The Ninth Circuit has articulated a two-part test to determine whether a cause of action is preempted by the LMRA. Burnside v. Kiewit Pac. Corp. , 491 F.3d 1053, 1059 (9th Cir. 2007). First, the Court must determine if the "asserted cause of action involves a right conferred upon an employee by virtue of state law," independent of a CBA. Id. If the right exists solely because of the CBA, then the claim is preempted, and analysis ends. Id. Second, if the right exists independently of the CBA, the Court must then consider whether resolving the dispute is nevertheless "substantially dependent on [the] analysis of a [CBA]." Id. "If such dependence exists, then the claim is preempted by section 301; if not, then the claim" is left to state courts to handle in accordance with state law. Id. at 1059–60.
Here, Defendants argue that the LMRA preempts Plaintiff's claims under both steps of the Burnside analysis.
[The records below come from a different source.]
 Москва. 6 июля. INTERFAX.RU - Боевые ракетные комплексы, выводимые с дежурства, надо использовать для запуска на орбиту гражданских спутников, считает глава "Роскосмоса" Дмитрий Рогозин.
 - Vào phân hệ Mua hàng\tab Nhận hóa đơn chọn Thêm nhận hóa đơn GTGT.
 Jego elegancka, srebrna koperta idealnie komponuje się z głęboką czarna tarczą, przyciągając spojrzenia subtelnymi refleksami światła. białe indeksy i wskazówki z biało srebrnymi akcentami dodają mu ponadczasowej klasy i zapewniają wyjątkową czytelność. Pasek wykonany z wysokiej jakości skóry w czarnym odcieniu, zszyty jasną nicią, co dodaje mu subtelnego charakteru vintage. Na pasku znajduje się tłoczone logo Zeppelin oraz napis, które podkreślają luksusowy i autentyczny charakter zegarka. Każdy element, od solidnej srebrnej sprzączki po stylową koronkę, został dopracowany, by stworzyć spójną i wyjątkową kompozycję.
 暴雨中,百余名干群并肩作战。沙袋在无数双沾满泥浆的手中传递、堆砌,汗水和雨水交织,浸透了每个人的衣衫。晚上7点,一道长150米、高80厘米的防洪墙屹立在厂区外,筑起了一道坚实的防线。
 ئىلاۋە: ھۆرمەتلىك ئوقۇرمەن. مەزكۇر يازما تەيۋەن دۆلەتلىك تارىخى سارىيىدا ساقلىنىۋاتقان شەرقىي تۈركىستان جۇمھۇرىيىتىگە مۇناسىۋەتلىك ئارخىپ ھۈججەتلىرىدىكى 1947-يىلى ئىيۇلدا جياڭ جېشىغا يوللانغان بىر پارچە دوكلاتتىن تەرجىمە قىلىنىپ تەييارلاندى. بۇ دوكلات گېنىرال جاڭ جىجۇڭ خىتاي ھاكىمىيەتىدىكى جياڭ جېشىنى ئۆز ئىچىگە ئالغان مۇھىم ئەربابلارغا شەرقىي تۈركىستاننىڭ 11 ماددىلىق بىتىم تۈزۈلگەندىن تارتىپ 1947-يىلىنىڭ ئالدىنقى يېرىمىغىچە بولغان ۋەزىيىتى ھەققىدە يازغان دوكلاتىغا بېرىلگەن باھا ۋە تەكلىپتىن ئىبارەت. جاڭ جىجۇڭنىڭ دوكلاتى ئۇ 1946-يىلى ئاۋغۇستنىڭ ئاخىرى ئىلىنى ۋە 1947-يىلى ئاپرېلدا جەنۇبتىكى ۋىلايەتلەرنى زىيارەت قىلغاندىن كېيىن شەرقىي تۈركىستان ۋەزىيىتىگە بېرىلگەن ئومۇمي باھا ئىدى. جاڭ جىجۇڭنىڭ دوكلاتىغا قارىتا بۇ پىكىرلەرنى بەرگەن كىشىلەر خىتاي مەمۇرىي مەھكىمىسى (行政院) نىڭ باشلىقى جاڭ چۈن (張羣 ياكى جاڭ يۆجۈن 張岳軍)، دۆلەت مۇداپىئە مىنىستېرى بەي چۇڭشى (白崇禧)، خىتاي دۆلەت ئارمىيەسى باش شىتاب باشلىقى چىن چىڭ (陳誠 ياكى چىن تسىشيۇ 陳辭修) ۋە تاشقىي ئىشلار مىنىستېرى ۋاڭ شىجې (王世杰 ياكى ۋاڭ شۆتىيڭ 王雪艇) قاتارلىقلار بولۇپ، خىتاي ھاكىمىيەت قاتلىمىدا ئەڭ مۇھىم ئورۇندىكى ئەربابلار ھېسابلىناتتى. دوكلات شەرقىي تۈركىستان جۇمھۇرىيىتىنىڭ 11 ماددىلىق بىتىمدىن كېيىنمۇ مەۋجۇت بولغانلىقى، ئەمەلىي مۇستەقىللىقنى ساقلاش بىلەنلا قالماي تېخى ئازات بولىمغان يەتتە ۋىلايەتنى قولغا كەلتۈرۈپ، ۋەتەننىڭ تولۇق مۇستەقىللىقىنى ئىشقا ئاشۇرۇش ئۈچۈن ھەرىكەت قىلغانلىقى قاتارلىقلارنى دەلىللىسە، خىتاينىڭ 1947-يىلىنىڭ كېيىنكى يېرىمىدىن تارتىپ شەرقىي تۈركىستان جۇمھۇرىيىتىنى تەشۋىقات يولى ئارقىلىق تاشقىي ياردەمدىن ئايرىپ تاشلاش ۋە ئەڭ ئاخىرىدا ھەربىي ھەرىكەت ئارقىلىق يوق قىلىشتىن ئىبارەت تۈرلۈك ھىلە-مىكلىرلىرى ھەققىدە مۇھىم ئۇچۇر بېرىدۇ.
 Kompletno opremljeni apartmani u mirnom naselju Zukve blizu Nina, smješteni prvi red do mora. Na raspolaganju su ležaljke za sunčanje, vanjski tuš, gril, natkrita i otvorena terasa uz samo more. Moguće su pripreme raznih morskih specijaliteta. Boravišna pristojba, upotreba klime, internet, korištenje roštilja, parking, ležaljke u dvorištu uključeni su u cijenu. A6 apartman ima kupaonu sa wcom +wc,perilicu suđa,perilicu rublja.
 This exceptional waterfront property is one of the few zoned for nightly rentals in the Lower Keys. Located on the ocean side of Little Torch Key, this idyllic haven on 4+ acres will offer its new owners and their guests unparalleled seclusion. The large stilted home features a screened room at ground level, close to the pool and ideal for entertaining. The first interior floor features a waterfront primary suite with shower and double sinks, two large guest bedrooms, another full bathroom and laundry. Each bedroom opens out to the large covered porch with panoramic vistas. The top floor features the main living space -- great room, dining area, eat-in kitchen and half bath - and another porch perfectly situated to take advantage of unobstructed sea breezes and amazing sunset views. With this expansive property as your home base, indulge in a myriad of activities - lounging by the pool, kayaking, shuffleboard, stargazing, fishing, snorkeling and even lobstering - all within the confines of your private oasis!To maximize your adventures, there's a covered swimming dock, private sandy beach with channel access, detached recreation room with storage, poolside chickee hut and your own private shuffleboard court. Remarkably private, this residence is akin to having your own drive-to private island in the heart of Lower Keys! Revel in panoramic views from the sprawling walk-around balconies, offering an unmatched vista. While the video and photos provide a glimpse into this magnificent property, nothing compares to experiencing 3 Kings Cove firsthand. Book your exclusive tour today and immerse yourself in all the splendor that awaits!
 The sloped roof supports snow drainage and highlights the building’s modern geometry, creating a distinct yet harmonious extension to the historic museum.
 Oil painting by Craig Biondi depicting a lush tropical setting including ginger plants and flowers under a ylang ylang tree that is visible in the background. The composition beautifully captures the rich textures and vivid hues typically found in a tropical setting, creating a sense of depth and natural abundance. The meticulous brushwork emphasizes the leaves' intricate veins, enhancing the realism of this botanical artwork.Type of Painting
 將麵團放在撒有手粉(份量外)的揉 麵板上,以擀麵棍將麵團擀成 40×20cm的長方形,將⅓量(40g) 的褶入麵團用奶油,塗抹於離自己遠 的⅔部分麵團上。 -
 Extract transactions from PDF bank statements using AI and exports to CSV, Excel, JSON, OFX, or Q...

The Court will consider Defendants’ arguments under each step in turn.
Defendants’ only argument under step one of the Burnside analysis is that the CBA, not state law, creates Plaintiff's right to overtime compensation. (Opp'n to Mot. ("Opp'n") 6, ECF No. 17.) For support, Defendants rely on California Labor Code section 514, which provides that:
Sections 510 and 511 do not apply to an employee covered by a valid collective bargaining agreement if the agreement expressly provides for the wages, hours of work, and working conditions of the employees, and if the agreement provides premium wage rates for all overtime hours worked and a regular hourly rate of pay for those employees of not less than 30 percent more than the state minimum wage.